20の扉

うれない悩み

作者: 黒井由紀

ある画家は、絵が売れないことに悩んでいた。
どれだけ描いても一枚も売れず、生活は苦しくなるばかり。
ところがある日、見かねた彼の友人が一言アドバイスしたところ、
彼は短期間のうちに大金持ちになったのだった。
彼の友人は、一体どんなアドバイスをしたのだろう?

出題者が、解き手の進み具合に応じて上から順に出すためのヒントです。

ヒントはまだありません。

過去の実際のやりとりです。質問されたら参考に答えてください。

いいえ

元ネタはありますか?

NO. 似たような実例・作品が存在しないかはわかりませんが、少なくとも、問題作成時には何も参考にしていません。

いいえ

彼が大金持ちになったのは、絵が売れたからですか?

NO. ですが……

いいえ

「自分が成功した姿を絵に描いて目標にすれば?」ですか?

NO. 違います。

いいえ

彼がどのような分野の絵を描いていたかは重要ですか?

NO. 全く重要ではありません。が、風景画とか静物画とか宗教画を描く「画家」という言葉から真っ先に連想されるような作風をイメージして作問しました。

いいえ

彼は他の絵画以外の芸術分野で成功しましたか?

NO. 彼は、彼の絵画によって大金持ちになりました。

いいえ

自分の絵を大部分破棄した上で絵の売値を上げることで、資産としての価値を上げましたか?

NO. 違います。

いいえ

犯罪要素はありますか?

NO. 犯罪は全く関係ありません。

いいえ

彼の絵画には、芸術性以外の側面での価値がありましたか?

NO. 彼の絵に、芸術性以外の価値はありませんでした。

はい

観覧者への絵の「見せ方」が重要ですか?

YES? 「見せ方」と言っていいのか微妙なラインですが、重要です。

はい

男は絵の拝観料で金持ちになりましたか?

YES! 正解です!

いいえ

男は絵の著作権を申請して大金持ちになりましたか?

NO. 著作権は関係ありません。

いいえ

売れている作家の作品群へ紛れ込ませますか?

NO. そもそも……

はい

核心男の絵は需要があったが、そうそう売れるような値段ではなかった。だが見たい人間は多いので、展示して拝観料を取ったところ金持ちになった。「you美術館やっちゃいなよ」がアドバイスですか?

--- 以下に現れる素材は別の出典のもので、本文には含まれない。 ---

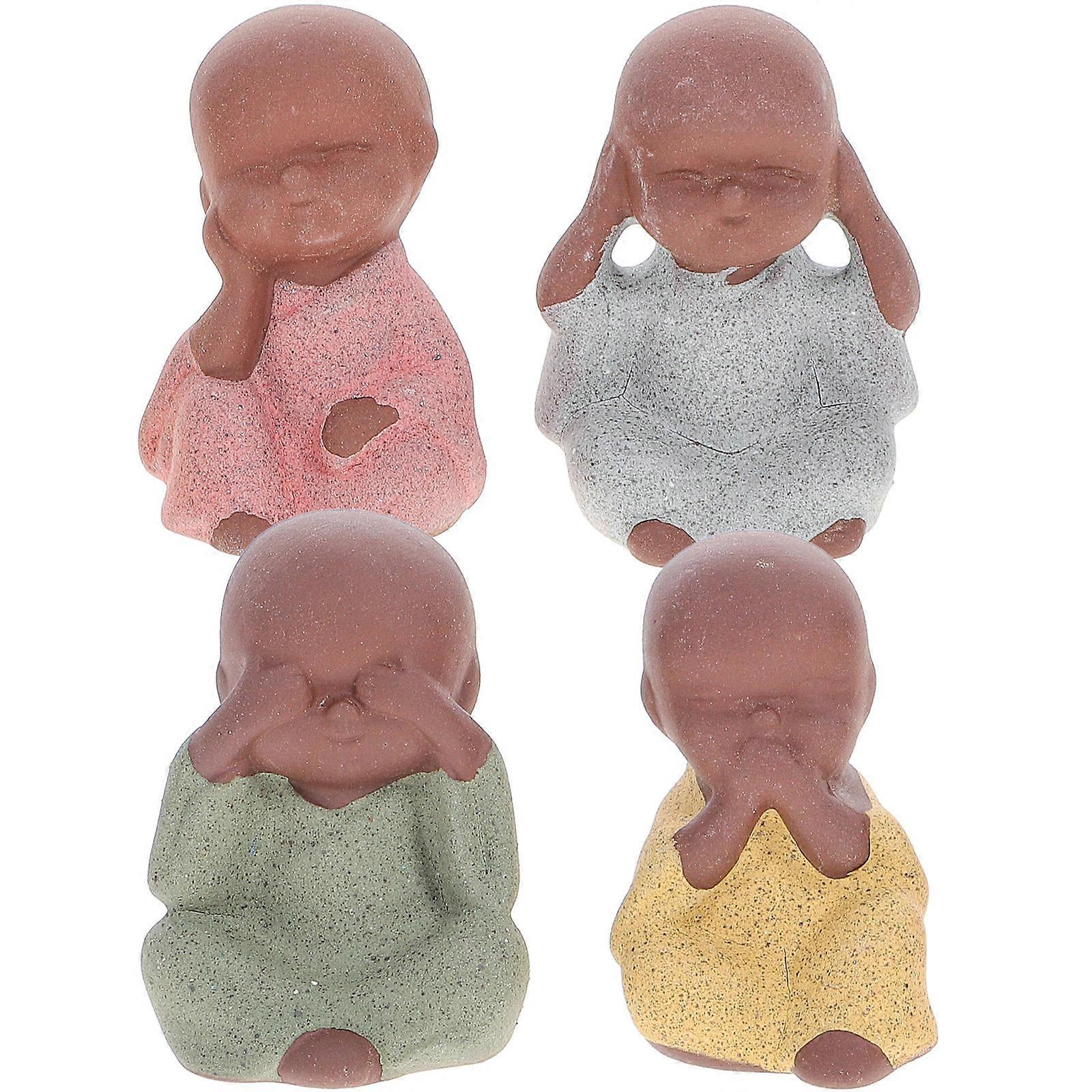 Ceramic Tea Pet Creative Monk Ornaments For Home Decoration Blue 4.5x3.5cm Decorative Accessory 4Pcs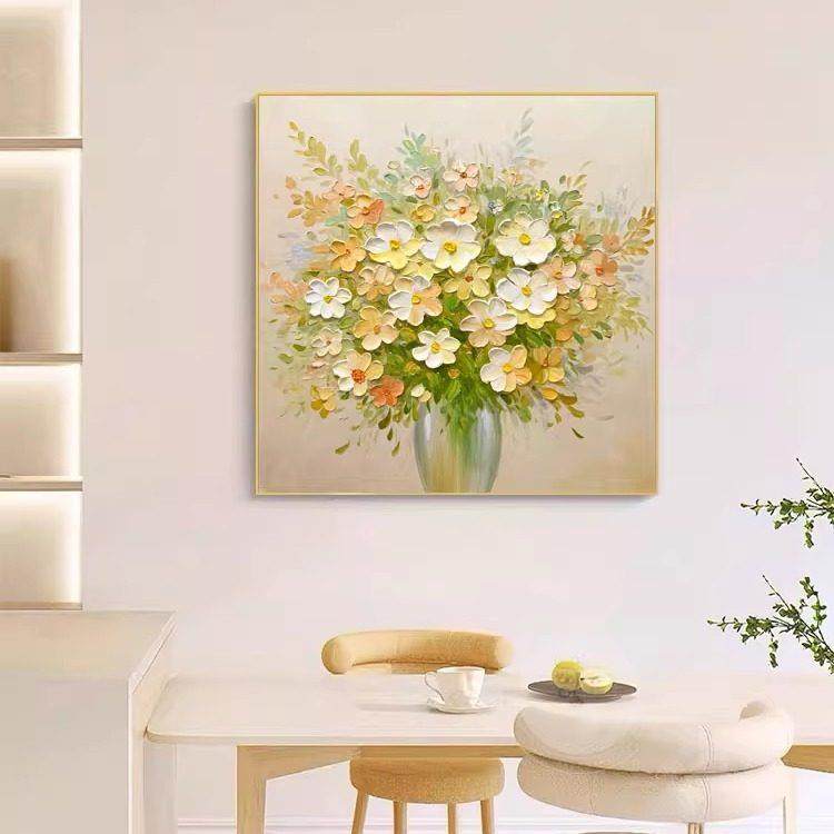 抽象油画餐厅挂画北欧风格装饰画轻奢现代客厅正方形花卉卧室壁画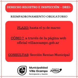 La Secretaría de Hacienda y Finanzas de la Municipalidad de Villa Ocampo recuerda a los responsables del Derecho de Registro e Inspección (DReI) que deben cumplir con el Reempadronamiento Obligatorio del mismo, establecido por Ordenanza 1648/22.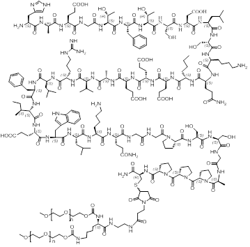 化学名称:组氨酰-D-丙氨酰-谷氨酰-甘氨酰-苏氨酰-苯丙氨酰-苏氨酰-丝氨酰-门冬氨酰-亮氨酰-丝氨酰-赖氨酰-谷氨酰氨酰-正亮氨酰-谷氨酰-谷氨酰-谷氨酰-丙氨酰-缬氨酰-精氨酰-亮氨酰-苯丙氨酰-异亮氨酰-谷氨酰-色氨酰-亮氨酰-赖氨酰-谷氨酰氨酰-甘氨酰-甘氨酰-脯氨酰-丝氨酰-丝氨酰-甘氨酰-丙氨酰-脯氨酰-脯氨酰-脯氨酰-硫-[(3RS)-1-{3-[(2-{Nα,Nε-二[ω-甲氧基聚(氧乙烯基)羰基]赖氨酰胺}-乙基)氨基]-3-氧丙基}-2,5-二氧吡咯烷-3-基]半胱氨酰胺。

YES. 売れない理由が少し違いますが、アドバイスの内容は正解です!

いいえ

10 絵を何枚も描いて売るのではなく、一枚の絵を見せてお金を取ったほうが儲かるよ ですか?

NO. そういう方向性ではないのです。

はい

10補足 男は絵を画廊などに展示して拝観料を受け取りますか?

YES. そういう認識でいいと思います。

答え

答え「いっそ、アトリエをギャラリーにして、見に来た客から観賞料を取ったらどうだ?」

彼は、天才だった。
小学校に入って一番最初の図工の授業で描いた絵が美大教授の目に留まり、学生時代の作品を見た当時の巨匠に筆を折らせ、成人してから描いた絵など、見るだけで失神者が続出する始末。
ところが彼は、画家として生きていくには致命的な欠点を抱えていた。
自分の描いた作品をあまりにも愛し過ぎてしまうのだ。
それこそ、例え大金と引き換えだとしても、手放すことを惜しむほどに。
彼の作品に目を付ける画商はかなりいたが、彼が売ることを拒むせいで、一枚たりとも世には出なかったのだ。
当然、それでは画家として生活することは不可能であり、彼自身も、自分の絵を売りたいと悩んでいたのだが……
そこで友人がしたアドバイスが、上記の一言だった。
元々才能はあった彼である、友人の言う通りにアトリエを開放したら、瞬く間に鑑賞料が集まり、彼は大金持ちになったのだった。